News Column

Papua Mining Pretax Loss Widens On Development Costs

June 27, 2014

Tom McIvor

LONDON (Alliance News) - Papua Mining PLC Friday said its pretax loss widened in 2013 as higher administrative expenses due to significant exploration development at the company's assets hit the company's finances.

Papua has around 2,600 kilometres, made up of 13 exploration licenses for copper and gold in Papua New Guinea, 12 of which are on the island of New Britain. So far it has three potential sites, the Flying Fox, Junction and Tripela drill targets.

The company, which is yet to produce any revenues, said its pretax loss widened to USD2.1 million from USD1.8 million the previous year.

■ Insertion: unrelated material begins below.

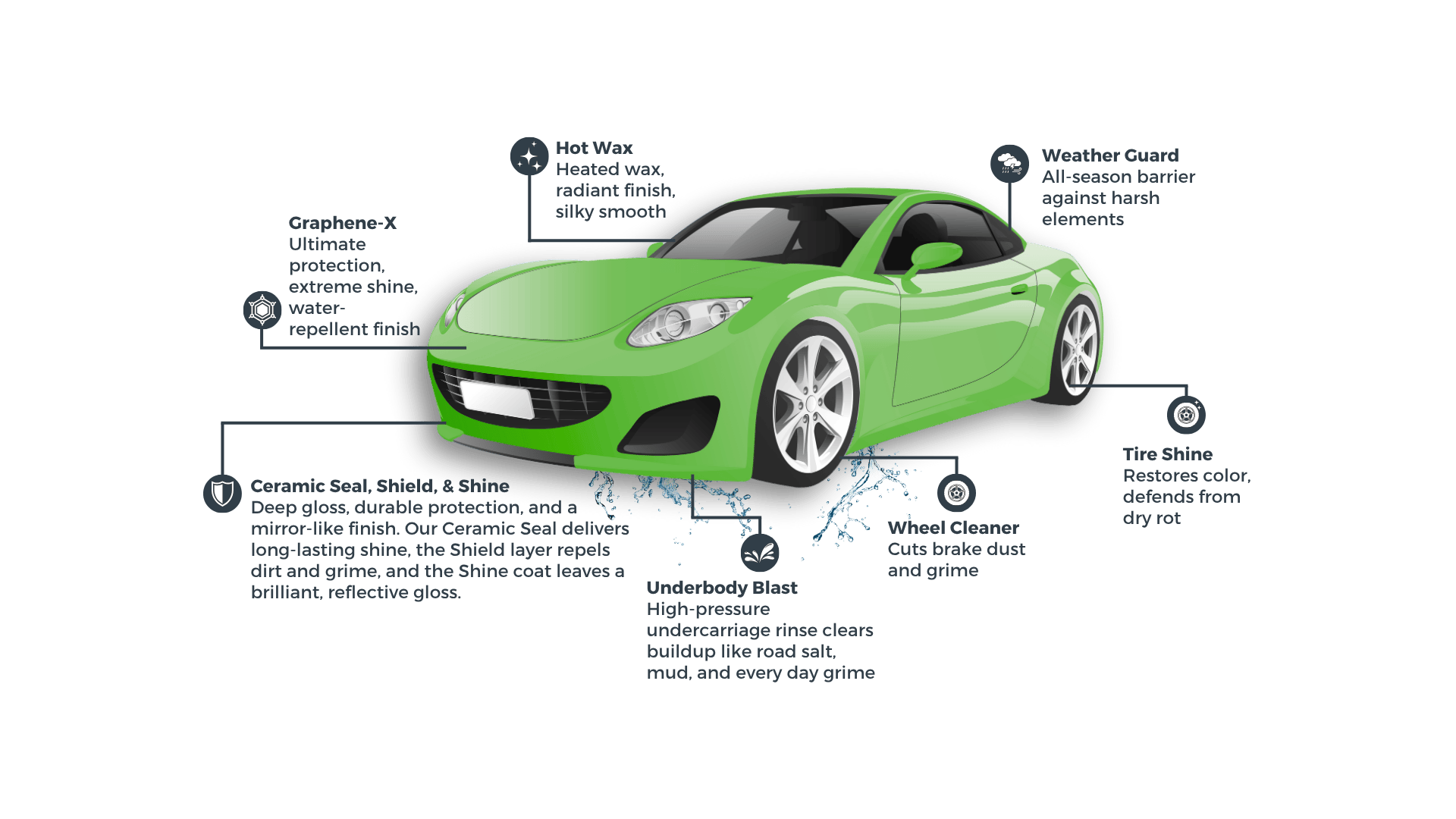 Hot WaxHeated Wax, radiant finish, silky smoothAll-season barrier against harsh elementsWeather GuardRestores color defends from dry rotTire ShineWater Repellent finish, for extreme shine and ultimate protectionGraphene-XCeramic Seal, Shield, & ShineDeep gloss, durable protection, and a mirror- like finish. Our Ceramic Seal delivers long-lasting- shine, the Shield layer repels dirt and grime, and the Shine coat leaves a brilliant, reflective finish.Cuts brake dust and grimeWheel CleanerUnderbody BlastHigh-pressure undercarriage rinse clears buildup like road salt, mud, and everyday grimeAdvanced TechnologyWinner's Circle Ready

Papua Mining said it increased administrative expenses in order to complete the first phase of drilling at its New Britain project, completing a range of exploration activities helping to prove up its attractive targets.

Earlier in 2014, the company found high grade gold values of up to 35.5 grams per tonne over a wide area and copper values of up to 9%, at its EL 2051 licence. It is now continuing to develop the area along with its other targets.

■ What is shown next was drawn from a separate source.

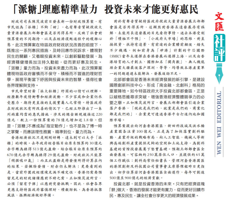 財政司司長陳茂波前日發表新一份財政預算案,有市民認為「派糖」不夠「甜」,也有聲音質疑投放大量資源發展北部都會區是否用得其所,反映了社會對預算案的不同期待,以及在經濟復甦進程中的複雜心態。此次預算案在特區政府財政狀況改善的前提下,既推出一系列惠民措施,及時回應市民訴求,體現對民生的關顧,又着眼投資未來,以創新驅動發展,為經濟穩健增長加注持久動能,從而更好惠及民生。「派糖」量力而為,投資未來盡力而為,此次預算案體現特區政府審慎而不保守、積極而不冒進的理財哲學,展現平衡當下紓困與投資未來的智慧,值得社會各界理解與支持。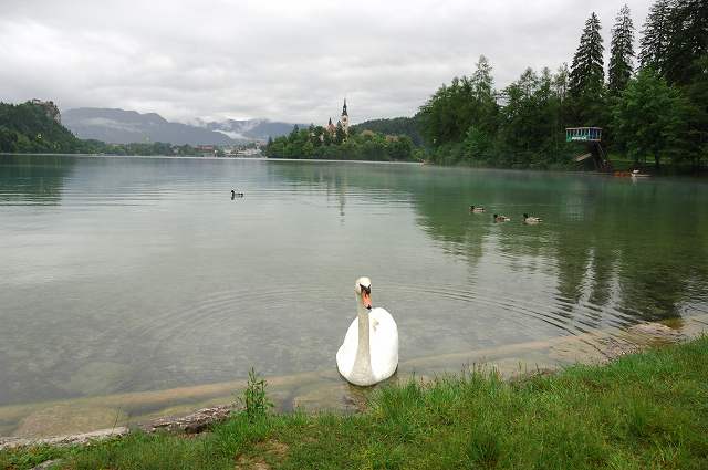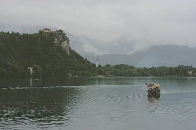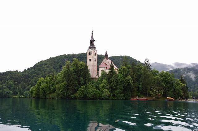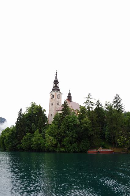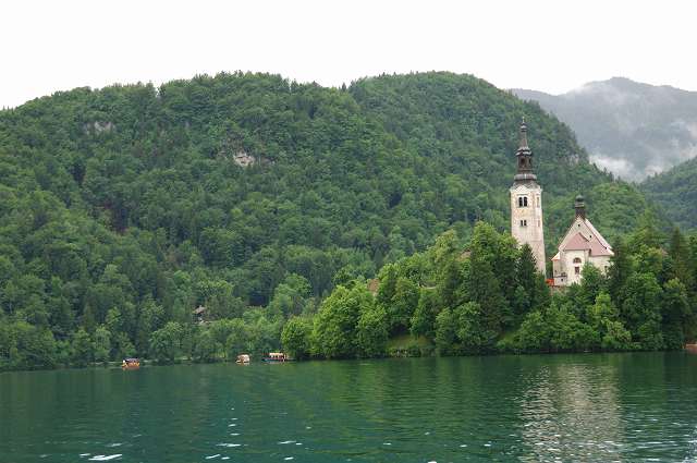 | スロベニアの首都リュブリャーナを見るとオーストリアの地方都市のように感じると思うが、第一次世界大戦後、ユーゴスラビアが作られるまでスロベニアはオーストリア領でだった、とりわけブレッド湖はオーストリアにあっても何ら不思議ではない風景だ。小さな湖に島が浮かび、背後にはユリアンアルプスが控え、まるで絵画のような美しい風景が広がっている今日は小雨で霧のユリアンアルプスが幻想的に観える。 |

The company had cash reserves of USD3.6 million at the end of 2013 and since then has raised further funds of USD4.2 million to help develop operations in Papua New Guinea.

The last six months have seen more than a 30% fall in the share price at Papua Mining, which it attributes to its stage of development and current market conditions. It said on Friday that it expects an improved market value of the business in 2014 and 2015 given the positive future prospects for the firm's exploration operations

Papua Mining shares were up 1.7% to 22.89 pence on Friday.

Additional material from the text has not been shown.